Dr Taylor expressed frustration at the need for separate versions of the ebook for Apple and Microsoft computers and hoped that this could be overcome in the future. One of the audience members suggested use of HTML 5 could overcome these problems and make for a more interactive electronic book, with products such as Educanon. The EPUB 3 standard also offer more interactivity.

Dr. Taylor also talked of the frustrations with the process of producing ePub format e-books, where the rendering of the format took a long time even after small corrections to the content. He commented there were good tools for Apple format e-books but not for multiple platform development. 


For reading ePub ebooks, Android tablets, the App epubreader can be used, for Macs,  Bookreader Lite and  Windows, Azardi. I found that Calibre worked well for reading an epub ebook in the Linux operating system (although it is intended for creating ebooks).

Dr Taylor compared the use of  an "off-line" ebook for education, with  an on-line learning management system (LMS), such as the  Moodle system used by ANU (branded "Wattle" at ANU). He pointed out the ebook had the advantage that it needed to only be downloaded once at the start of a course, whereas the student needed a continual Internet connection to use the LMS. The disadvantage was that the ebook could not be as easily updated. The two could be used together with the ebook providing content and the LMS used for interactive exercises and for students to submit work. But Dr Taylor looked forward to advances in the technology which would allow interactive "formative" exercises in the ebook, with the LMS used for "summative" assessment.

Dr Taylor demonstrated an application on an Apple iPhone which allowed the language student to listen to a sample of speech, record their own and the play it back for comparison. He contrasted this with  the Wimba Voice Tools module for Moodle, which while function, was more cumbersome to use.

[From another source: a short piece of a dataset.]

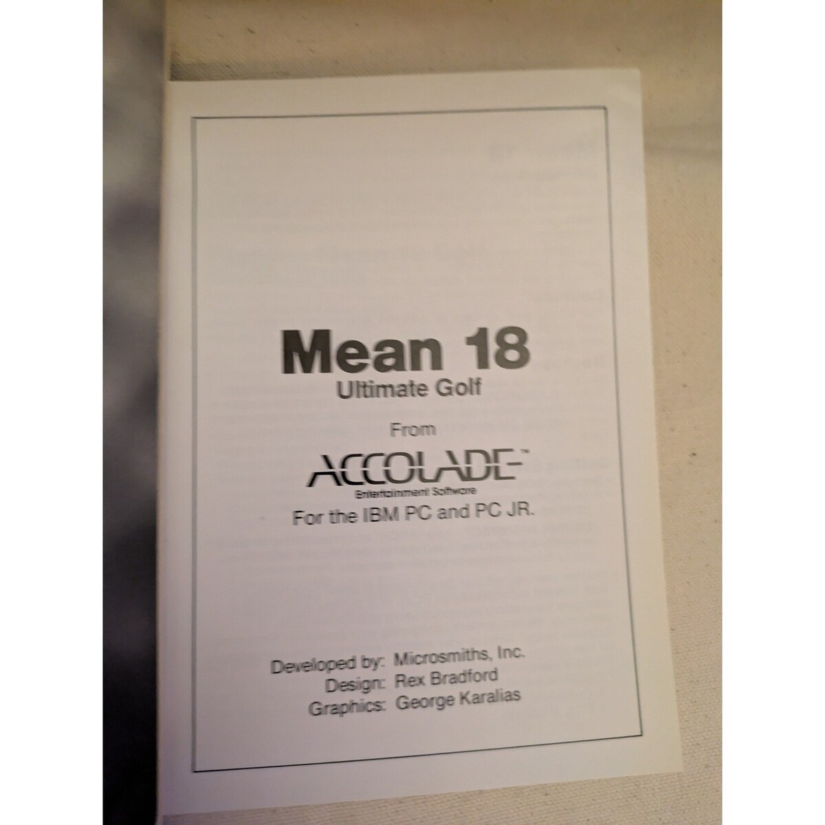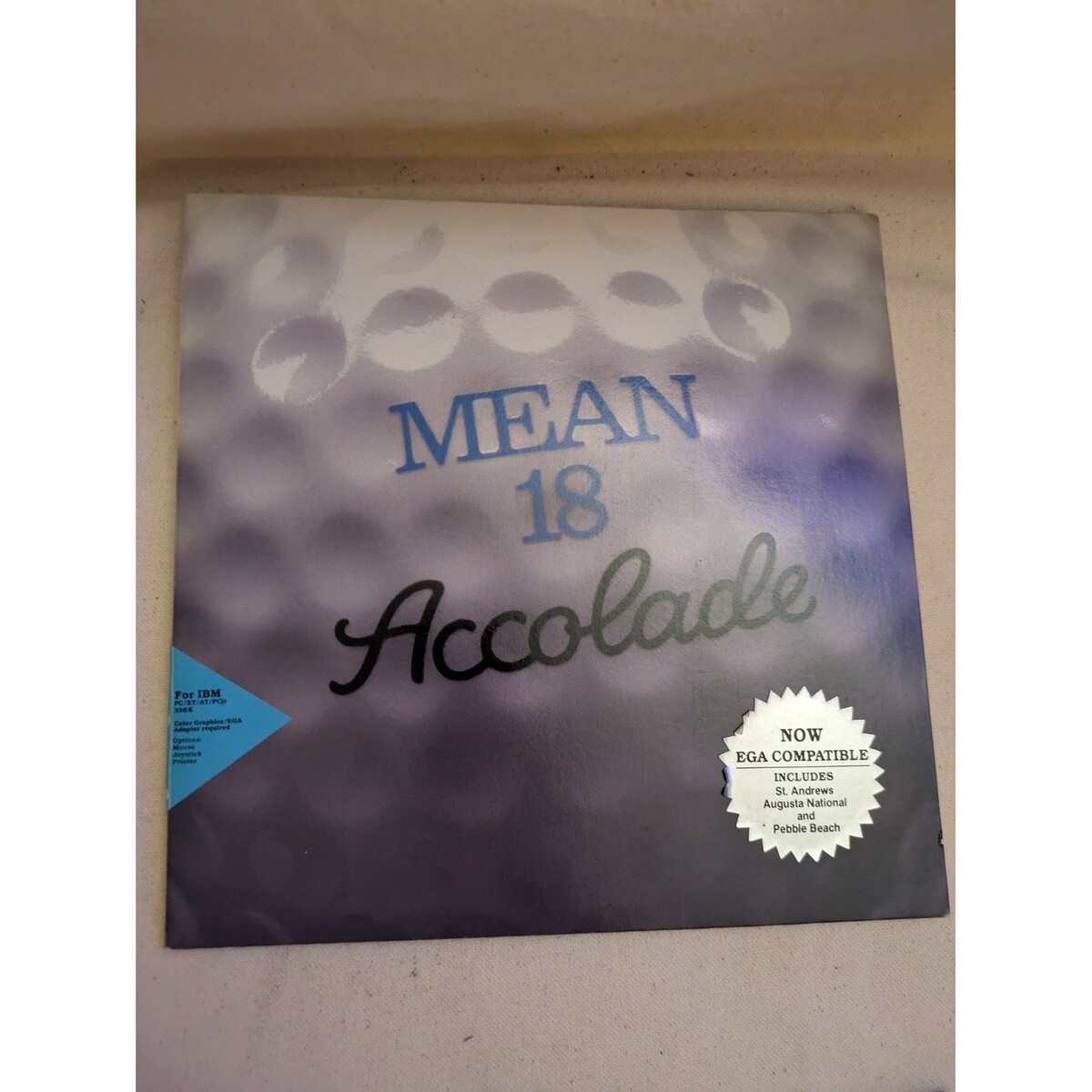 Parole chiave: Mean 18, Accolade, PC IBM, gioco per computer vintage, simulazione di golf, giochi retro, compatibile EGA, Augusta National, Pebble Beach, St Andrews, software per computer, giochi per PC, gioco classico, gioco sports

ps: Another epub ebook used at ANU is my own "ICT Sustainability: Assessment and Strategies for a Low Carbon Future", used for the course Comp7310. But unlike Dr Taylor's ebook, this has no multimedia, just text.

1 comment:

  1. Basically e-Books are majorly used in the Universities and student are happy to have a book in soft copy related to there specific topic or Subject, but most of the time you have to keep a hard form of you book.